Hast du nicht versehentlich ein Verzeichnis zu viel in die Jar Datei verpackt. z.B. classes/de/... usw.?


----------



## Novanic (4. Nov 2007)

Nein, die Klasse (class-Datei) ist richtig drin, wenn ich das JAR mit WinRAR öffne, sehe ich direkt den Ordner "META-INF" und den Ordner "de"...


----------



## Guest (4. Nov 2007)

Novanic hat gesagt.:
			
		

> Nein, die Klasse (class-Datei) ist richtig drin, wenn ich das JAR mit WinRAR öffne, sehe ich direkt den Ordner "META-INF" und den Ordner "de"...

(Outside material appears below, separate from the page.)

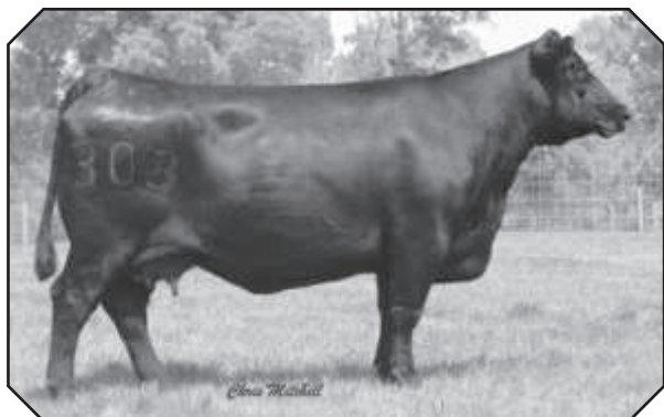
GAR PRECISION 303 – Grandam of Lot 35 and great-grandam of Lot 35A.

She stems from a dam that ranks below breed average for Birth Weight EPD while reading positive for carcass genetics with a progeny production record of BR 4@95, YR 3@101 and she stems from a grandam that records BR 3@96, WR 3@109, YR 3@101, U%IMF 63@101.

OK, ich gehe auch davon aus, dass die Klasse Main darin enthalten ist. Was ist mit dem Aufruf (Beachte das Semikolon nach der Jar-Datei)?:

java -cp .;foobar.jar*;* de.novanic.foobar.Main

Ich gehe davon aus, du führst es unter Windows aus. Unter Linux Doppelpunkt statt Semikolon verwenden.


----------



## Wildcard (4. Nov 2007)

-cp wird ignoriert und durch den Class-Path im Manifest ersetzt.


----------



## Novanic (4. Nov 2007)

Danke Wildcard, das hab ich jetzt auch gerade herausgefunden und das war auch der Fehler.
In der Manifest stand ein falsch formatierter class-path. Ich hab jetzt einfach die Classpath-Generierung ausgeschaltet und danach lief es. Was für ein Schrott... Es wurde noch nichtmal die Main-Klasse gefunden, die ich explizit mit angegeben habe...

Danke für die Hilfe.

Gruß Nova


----------



## Gast (4. Nov 2007)

was ist denn an der manifest datei von oben falsch formatiert?


----------



## Murray (5. Nov 2007)

Novanic hat gesagt.:
			
		

> In der Manifest stand ein falsch formatierter class-path. Ich hab jetzt einfach die Classpath-Generierung ausgeschaltet und danach lief es. Was für ein Schrott... Es wurde noch nichtmal die Main-Klasse gefunden, die ich explizit mit angegeben habe...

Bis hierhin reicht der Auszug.